Dataset excerpts:
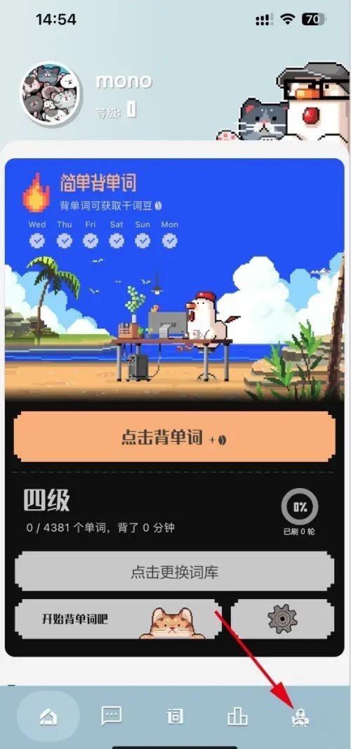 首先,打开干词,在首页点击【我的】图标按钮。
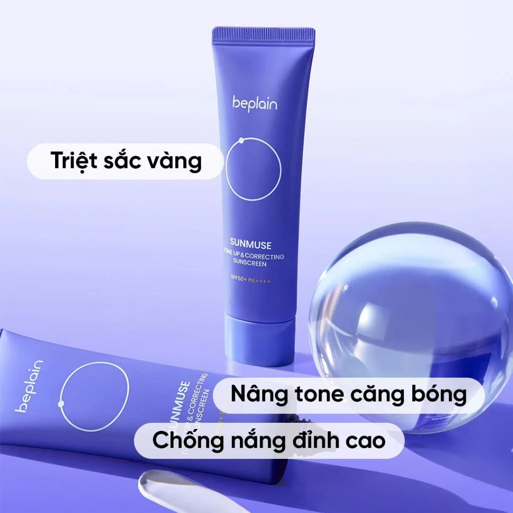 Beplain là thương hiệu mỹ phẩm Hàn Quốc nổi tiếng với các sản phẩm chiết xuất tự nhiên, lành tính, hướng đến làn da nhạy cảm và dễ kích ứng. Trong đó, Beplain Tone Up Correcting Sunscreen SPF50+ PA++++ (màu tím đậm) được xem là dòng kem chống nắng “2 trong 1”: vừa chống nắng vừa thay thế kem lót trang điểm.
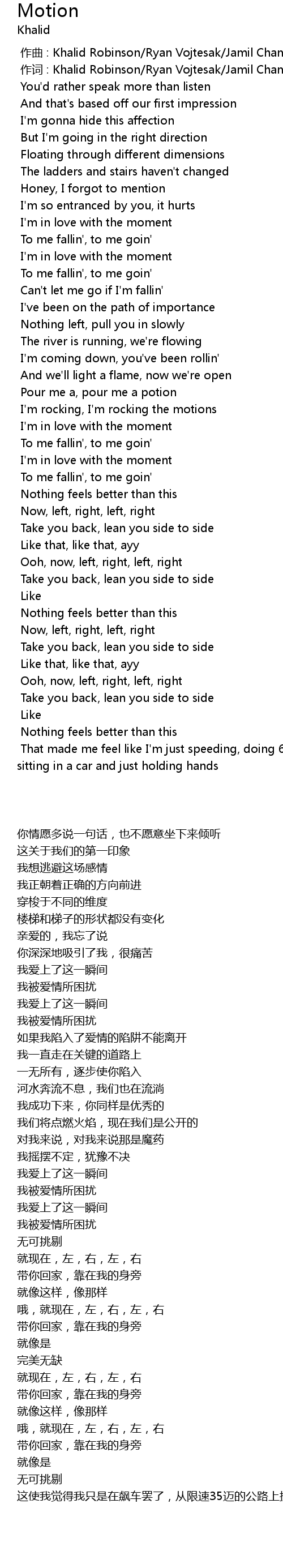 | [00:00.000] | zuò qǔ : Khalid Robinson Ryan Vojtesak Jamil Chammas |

---

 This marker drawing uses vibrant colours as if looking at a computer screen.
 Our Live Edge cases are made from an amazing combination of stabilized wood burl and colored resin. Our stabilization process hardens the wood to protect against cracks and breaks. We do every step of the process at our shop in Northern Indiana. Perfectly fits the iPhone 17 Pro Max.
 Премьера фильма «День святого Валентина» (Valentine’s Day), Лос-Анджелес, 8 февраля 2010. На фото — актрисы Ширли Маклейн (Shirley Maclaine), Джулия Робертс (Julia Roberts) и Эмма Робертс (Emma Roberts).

--

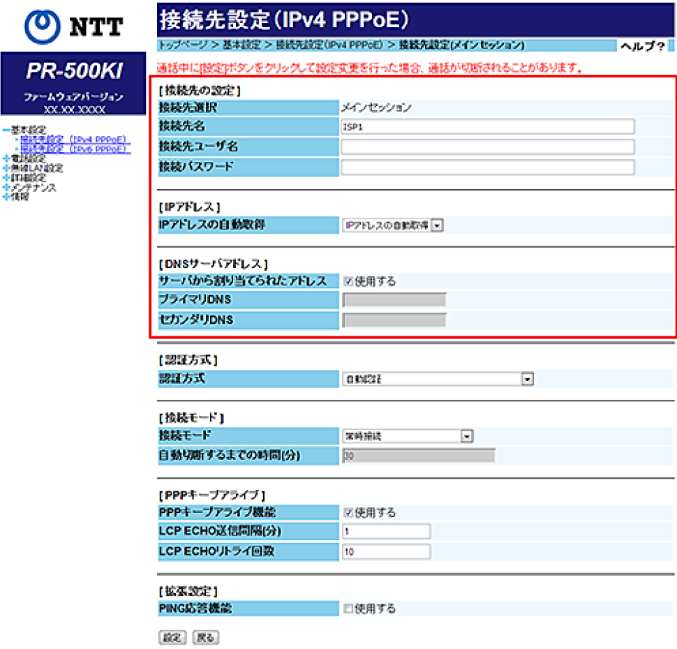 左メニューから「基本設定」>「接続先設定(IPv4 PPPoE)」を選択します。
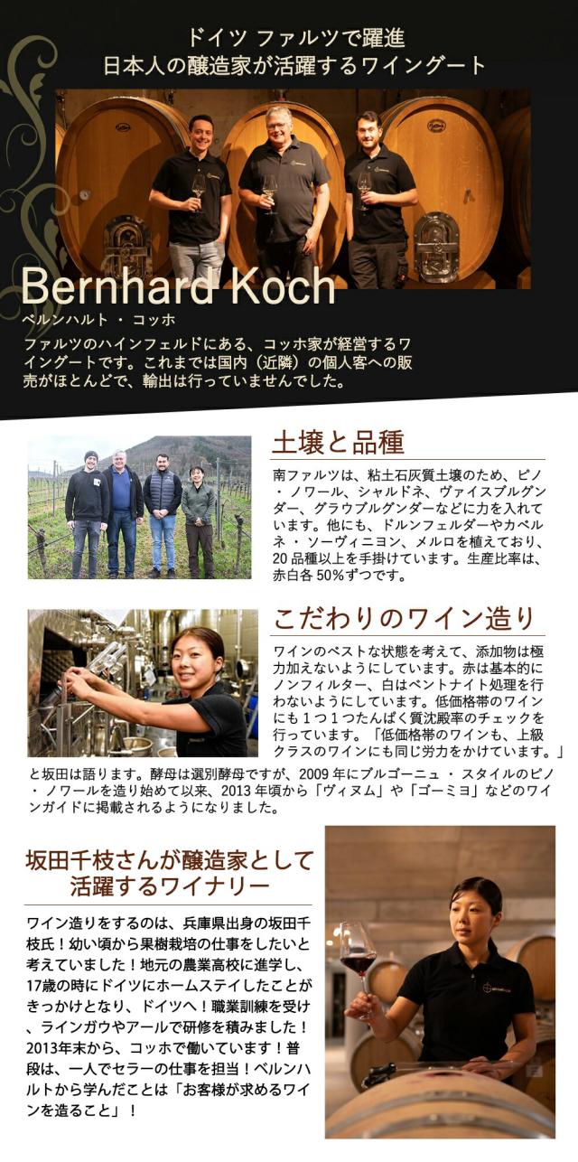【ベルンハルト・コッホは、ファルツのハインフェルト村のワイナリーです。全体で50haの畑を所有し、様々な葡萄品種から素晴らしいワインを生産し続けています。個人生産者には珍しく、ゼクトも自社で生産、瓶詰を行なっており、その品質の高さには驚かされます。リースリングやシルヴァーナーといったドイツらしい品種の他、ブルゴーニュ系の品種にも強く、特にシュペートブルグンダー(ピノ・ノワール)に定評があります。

To do: Using the data above, retype exactly the lines from the line with "Beplain là thương" to the line with "Jamil Chammas |", inclusive. No pictures and nothing else.

Response to the task:
 Beplain là thương hiệu mỹ phẩm Hàn Quốc nổi tiếng với các sản phẩm chiết xuất tự nhiên, lành tính, hướng đến làn da nhạy cảm và dễ kích ứng. Trong đó, Beplain Tone Up Correcting Sunscreen SPF50+ PA++++ (màu tím đậm) được xem là dòng kem chống nắng “2 trong 1”: vừa chống nắng vừa thay thế kem lót trang điểm.
 | [00:00.000] | zuò qǔ : Khalid Robinson Ryan Vojtesak Jamil Chammas |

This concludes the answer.